Theoretical description of time-resolved photoemission in charge-density-wave materials out to long times
Marko D. Petrovic, Manuel Weber, James K. Freericks

TL;DR
This paper develops a semiclassical Monte Carlo method to model long-time nonequilibrium dynamics in charge-density-wave materials after pump excitation, capturing lattice-electron interactions and amplitude mode ringing observed experimentally.
Contribution
It introduces a computationally efficient semiclassical approach to simulate long-time charge-density-wave dynamics, including lattice relaxation and amplitude mode ringing, which was previously unexplained microscopically.
Findings
Successfully models long-time lattice relaxation in CDW materials.
Reproduces experimentally observed amplitude mode ringing.
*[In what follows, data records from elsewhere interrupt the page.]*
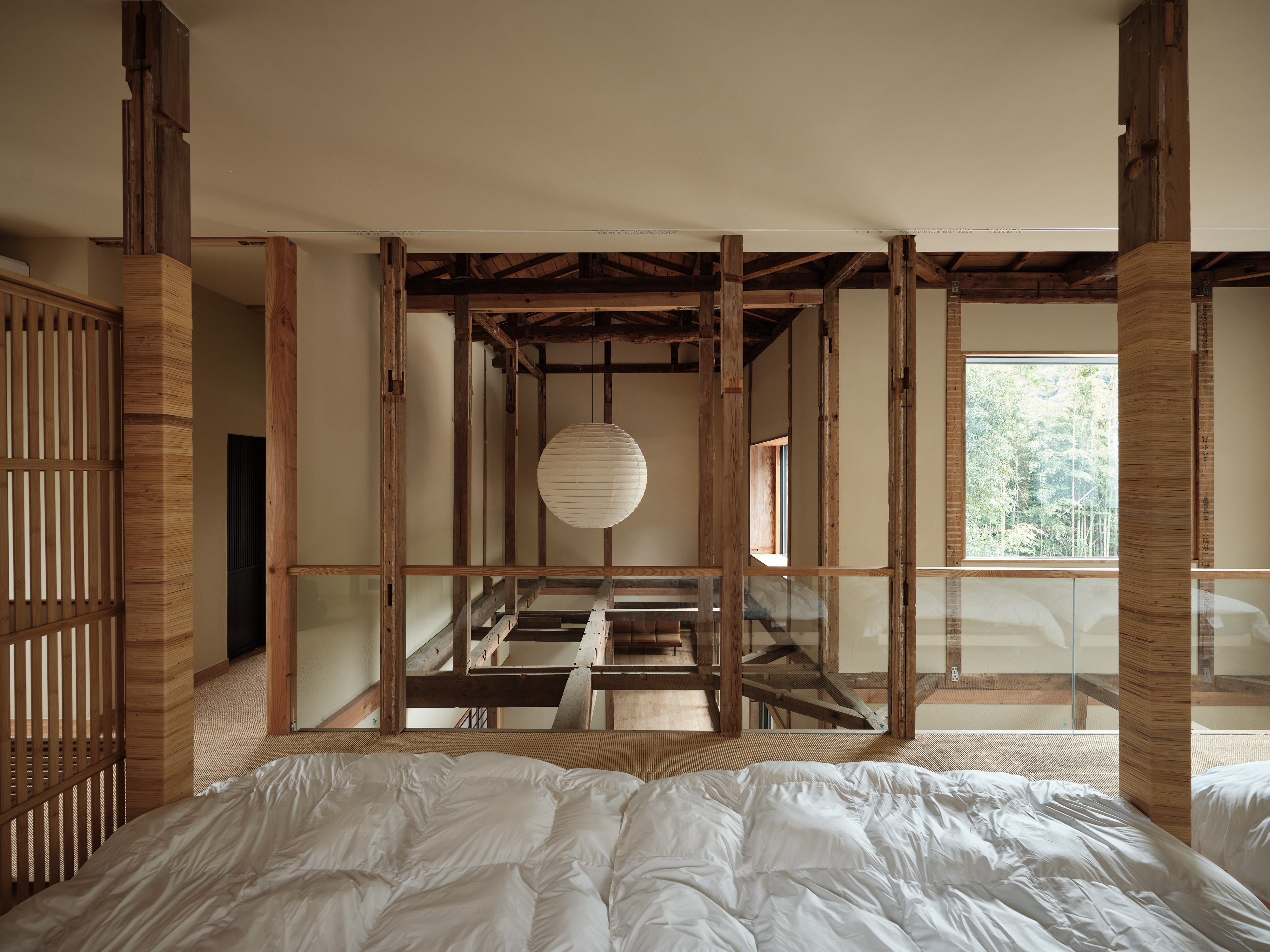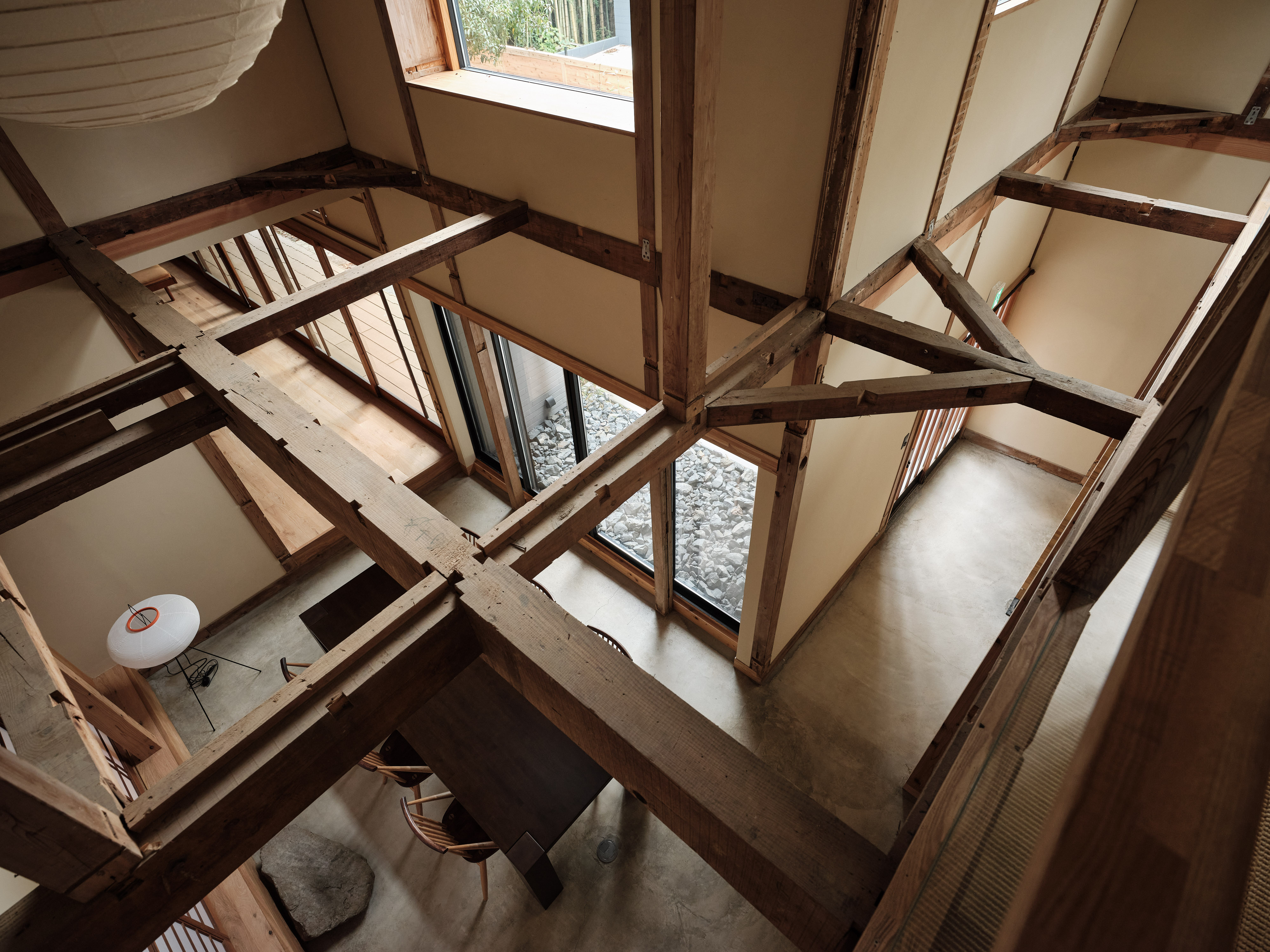築60年を超える箱根の古民家を、現代の暮らしに寄り添いながらも開放感あふれる空間へと再生したリノベーション。長年の増改築を経た建物は、独特の梁や構造に味わいがあり、その魅力を最大限に活かすことから設計は始まりました。梁は可能な限り既存を残し、傷みのある部分のみを補修。古民家ならではの質感と歴史を受け継ぎつつ、新たな空間としての快適性を高めています。
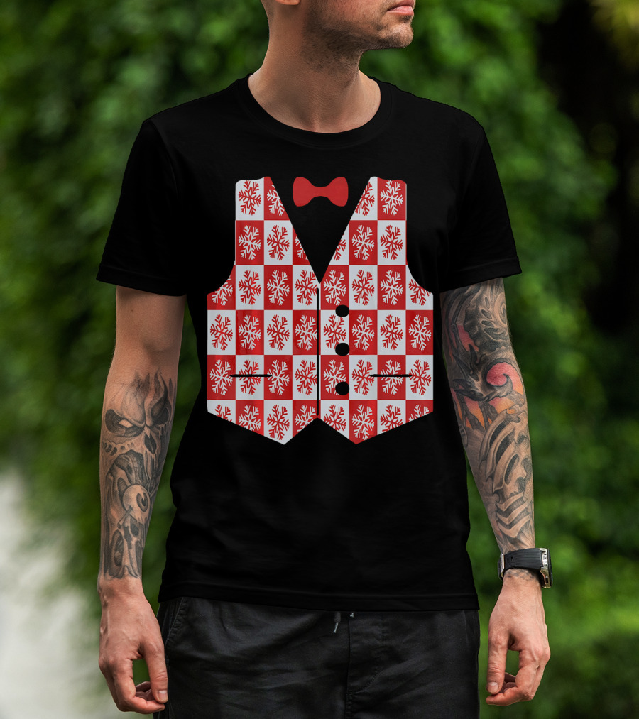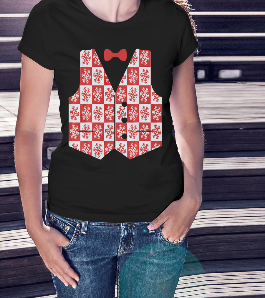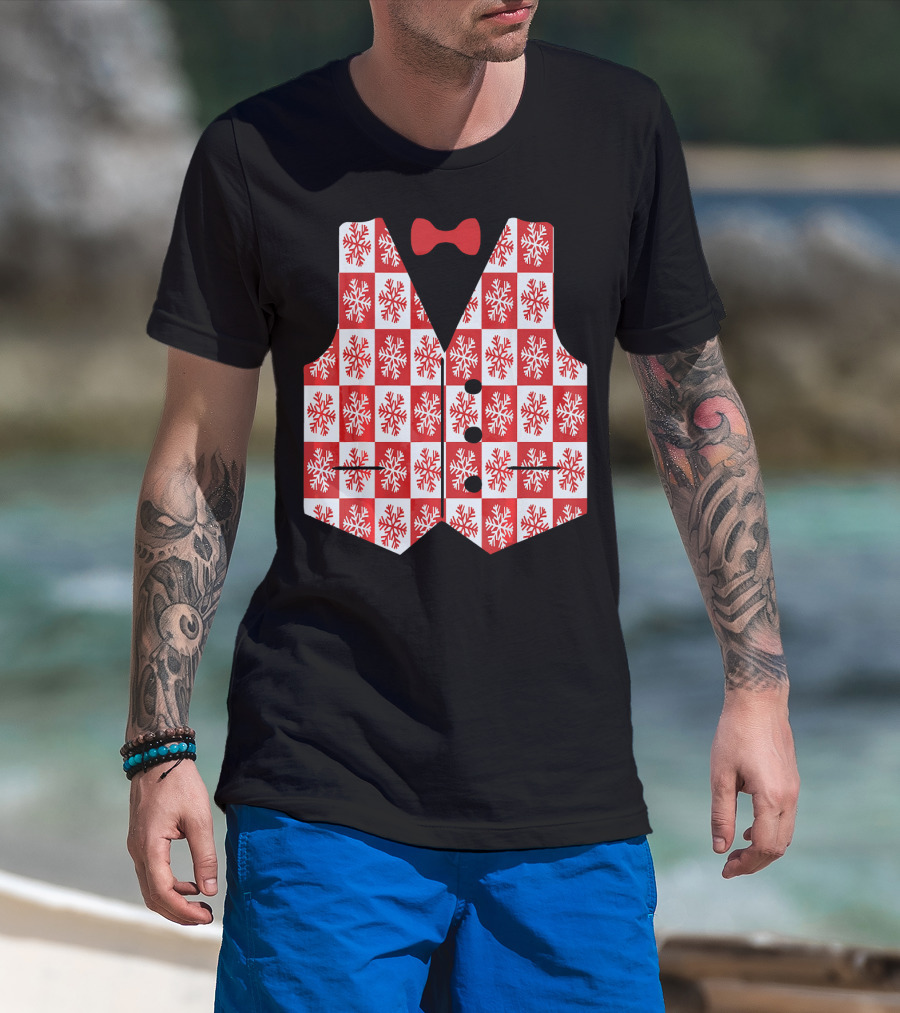 Red And White Snowflake Vest With Bow Tie T-Shirt
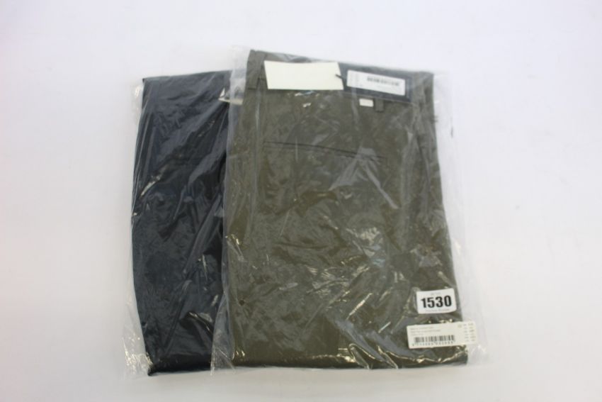 Two pairs of as new Wood Wood Marcus light twill trousers (1 x olive , 1 x navy both size 32 - RRP £125 each).

Identifies regimes of pump-induced CDW order inversion.
Abstract
We describe coupled electron-phonon systems semiclassically - Ehrenfest dynamics for the phonons and quantum mechanics for the electrons - using a classical Monte Carlo approach that determines the nonequilibrium response to a large pump field. The semiclassical approach is quite accurate, because the phonons are excited to average energies much higher than the phonon frequency, eliminating the need for a quantum description. The numerical efficiency of this method allows us to perform a self-consistent time evolution out to very long times (tens of picoseconds) enabling us to model pump-probe experiments of a charge density wave (CDW) material. Our system is a half-filled, one-dimensional (1D) Holstein chain that exhibits CDW ordering due to a Peierls transition. The chain is subjected to a time-dependent electromagnetic pump field that excites it out of equilibrium, and then a second…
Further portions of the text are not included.